▶ **TASK BRIEF**:
Once the pictures have been set aside, copy every remaining entry exactly.

--- DATASET EXCERPTS ---

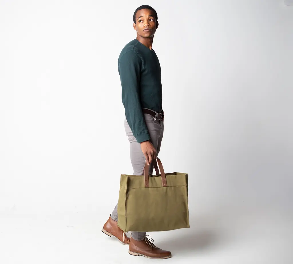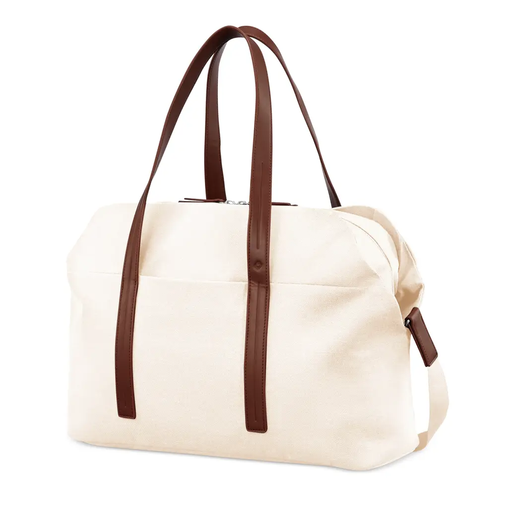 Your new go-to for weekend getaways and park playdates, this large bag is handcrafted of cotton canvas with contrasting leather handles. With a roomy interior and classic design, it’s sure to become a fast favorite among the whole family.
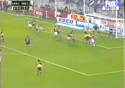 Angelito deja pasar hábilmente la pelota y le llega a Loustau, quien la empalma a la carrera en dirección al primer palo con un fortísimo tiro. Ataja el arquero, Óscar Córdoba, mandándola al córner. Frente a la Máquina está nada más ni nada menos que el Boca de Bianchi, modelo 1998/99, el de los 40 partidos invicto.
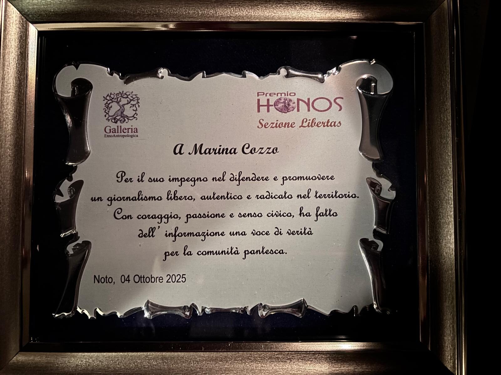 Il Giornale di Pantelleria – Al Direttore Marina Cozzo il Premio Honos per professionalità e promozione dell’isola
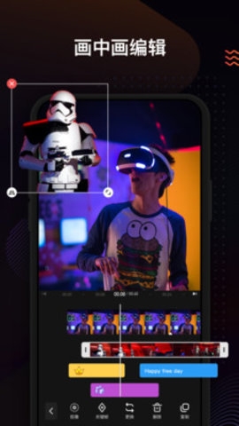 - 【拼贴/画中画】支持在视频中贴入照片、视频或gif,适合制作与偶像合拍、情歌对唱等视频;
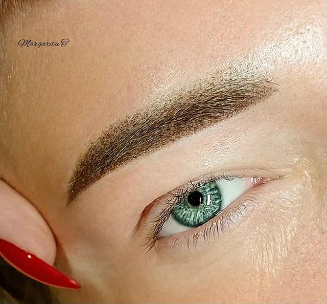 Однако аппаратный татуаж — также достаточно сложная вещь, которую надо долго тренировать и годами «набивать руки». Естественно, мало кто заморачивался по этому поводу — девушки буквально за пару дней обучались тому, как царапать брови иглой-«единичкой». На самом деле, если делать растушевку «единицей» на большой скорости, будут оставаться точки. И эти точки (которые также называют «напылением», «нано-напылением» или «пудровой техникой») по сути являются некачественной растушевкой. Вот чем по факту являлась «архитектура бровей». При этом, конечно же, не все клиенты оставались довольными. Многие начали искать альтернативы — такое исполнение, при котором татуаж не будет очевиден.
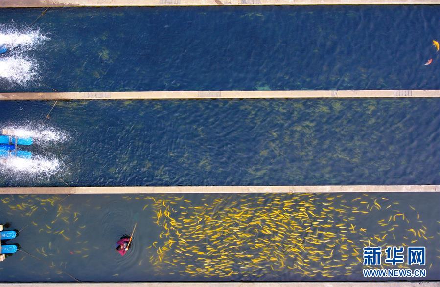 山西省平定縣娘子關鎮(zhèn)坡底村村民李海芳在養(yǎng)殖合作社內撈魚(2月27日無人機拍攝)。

---

▶ **RESPONSE**:
 Your new go-to for weekend getaways and park playdates, this large bag is handcrafted of cotton canvas with contrasting leather handles. With a roomy interior and classic design, it’s sure to become a fast favorite among the whole family.
 Angelito deja pasar hábilmente la pelota y le llega a Loustau, quien la empalma a la carrera en dirección al primer palo con un fortísimo tiro. Ataja el arquero, Óscar Córdoba, mandándola al córner. Frente a la Máquina está nada más ni nada menos que el Boca de Bianchi, modelo 1998/99, el de los 40 partidos invicto.
 Il Giornale di Pantelleria – Al Direttore Marina Cozzo il Premio Honos per professionalità e promozione dell’isola
 - 【拼贴/画中画】支持在视频中贴入照片、视频或gif,适合制作与偶像合拍、情歌对唱等视频;
 Однако аппаратный татуаж — также достаточно сложная вещь, которую надо долго тренировать и годами «набивать руки». Естественно, мало кто заморачивался по этому поводу — девушки буквально за пару дней обучались тому, как царапать брови иглой-«единичкой». На самом деле, если делать растушевку «единицей» на большой скорости, будут оставаться точки. И эти точки (которые также называют «напылением», «нано-напылением» или «пудровой техникой») по сути являются некачественной растушевкой. Вот чем по факту являлась «архитектура бровей». При этом, конечно же, не все клиенты оставались довольными. Многие начали искать альтернативы — такое исполнение, при котором татуаж не будет очевиден.
 山西省平定縣娘子關鎮(zhèn)坡底村村民李海芳在養(yǎng)殖合作社內撈魚(2月27日無人機拍攝)。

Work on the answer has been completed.